Karena itu, dia menyoroti pernyataan Mendagri yang selalu menegaskan bahwa pemerintah menginginkan ambang batas pencalonan presiden di angka 20-25 persen kursi suara.

"Apakah benar itu maunya pemerintah? Tidak juga. Bisa jadi itu keinginan pemerintah dan parpol pendukung pemerintah hari ini," katanya.

Lebih lanjut, Aditya menjelaskan mengenai penyebab masih alotnya penyelesaian pembahasan RUU Pemilu. Dia memaparkan bahwa kondisi Pemilu 2109 nanti berberda dengan pemilu-pemilu sebelumnya.

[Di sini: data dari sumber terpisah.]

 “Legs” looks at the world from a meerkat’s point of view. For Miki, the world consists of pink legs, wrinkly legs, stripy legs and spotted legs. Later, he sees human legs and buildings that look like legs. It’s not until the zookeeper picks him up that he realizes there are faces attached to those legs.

Pada pemilu mendatang, parpol dan politisi tidak bisa menebak-nebak hasil perolehan suara maupun perolehan kursi, Ini disebabkan pelaksanaan pemilihan legislatif (Pileg) dan pemilihan presiden (Pilpres) yang dilaksanakan secara serentak. Dirinya menduga, sikap parpol maupun politisi yang sangat kukuh saat ini demi menjaga hasil di pemilu mendatang.

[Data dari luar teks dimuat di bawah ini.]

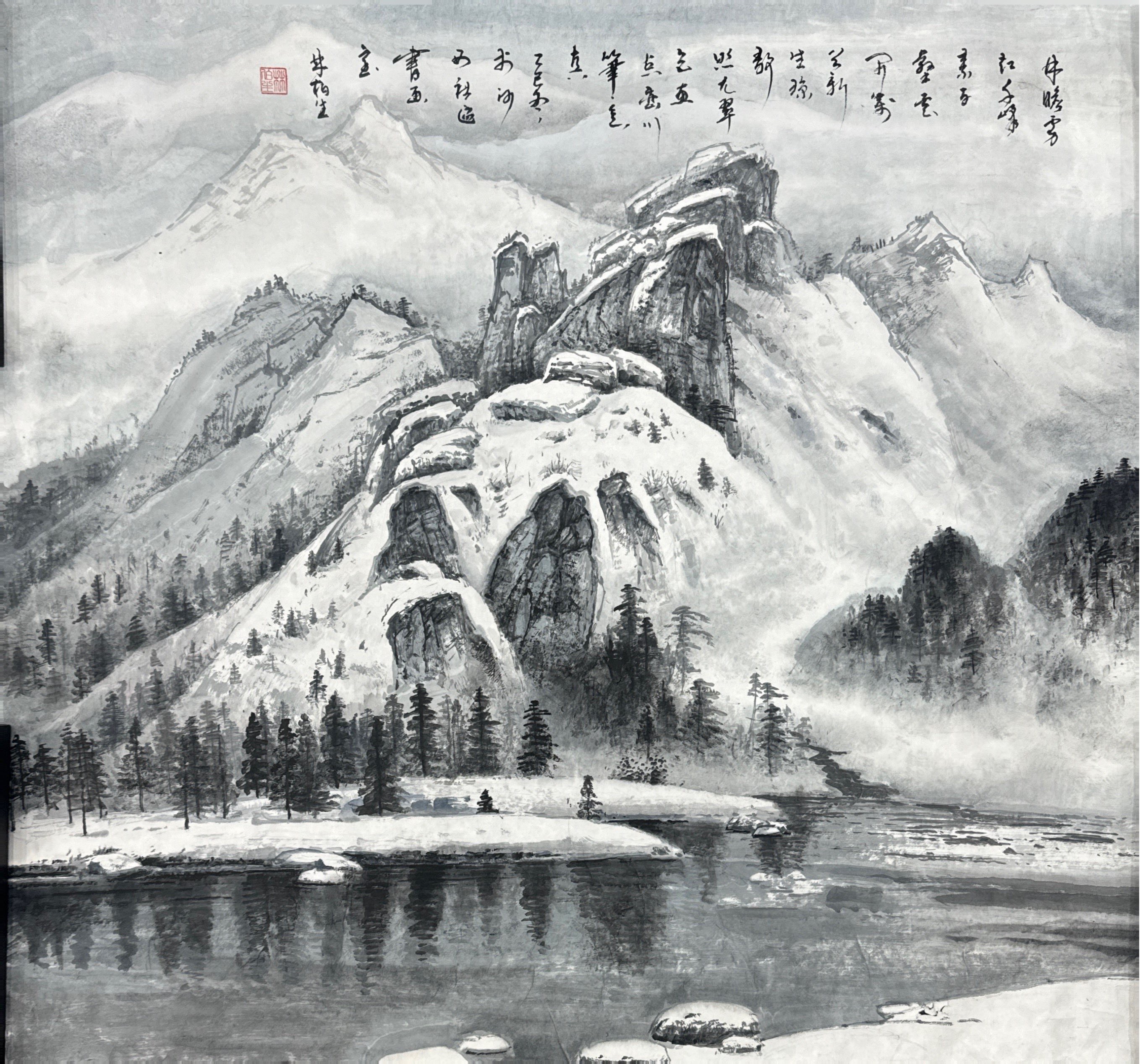在意境營造上,作品以“雪山清泉”為核心構(gòu)建出“冷寂中見生機”的氛圍:遠景雪山巍峨,墨色的濃淡層次營造出云霧繚繞的空靈感;中景巖石與林木的交錯,既展現(xiàn)出自然的野逸之趣,又通過積雪的留白與墨色的沉郁形成視覺對比;近景的清泉(水面)平靜如鏡,倒影與實景的呼應(yīng),讓畫面在“靜”中暗含“流”的動態(tài)感。題款“林曉雪 紅千峰 素百疊 疊云開 谷新 生韻 都九翠 立五川 點筆生 寫河 西社畫 主五 林伯生”以行書題于畫面上方,文字的韻律與山水的意境相互呼應(yīng),進一步強化了“詩畫交融”的文人審美,使作品既有自然山水的壯闊,又兼具文人畫的清雅。

"Jika hasilnya belum bisa diprediksi, maka peraturannya dulu yang dibuat sedemikian rupa. Untuk Parpol besar seperti Golkar dan PDIP akan mencoba menjegal parpol menengah dan kecil sementara sebaliknya, parpolmenengah dan parpol kecil berupaya agar bisa mengusung calon," jelasnya.

Sebelumnya, Mendagri Tajhjo Kumolo menegaskan bahwa ambang batas presiden yang diusulkan pemerintah di angka 20-25 persen kursi suara masih sah dan berlaku. Bahkan usulan ini pun tidak bertentangan dengan konstitusi yang telah dibangun.

Tjahjo menjelaskan, putusan Mahkamah konsitusi (MK) Nomor 14/PUU-XI/2013 tidak membatalkan pasal 9 Undang-undang (UU) Nomor 42 tahun 2008 tentang Pemilu Presiden dan Wapres. Artinya ketentuan Presidential Treshold 20 persen kursi atau 25 persen masih sesuai. Rancangan Undang-undang (RUU) pemilu tidak menambah dan tidak mengurangi Pasal 9 UU 42/2008 yang tidak dibatalkan MK.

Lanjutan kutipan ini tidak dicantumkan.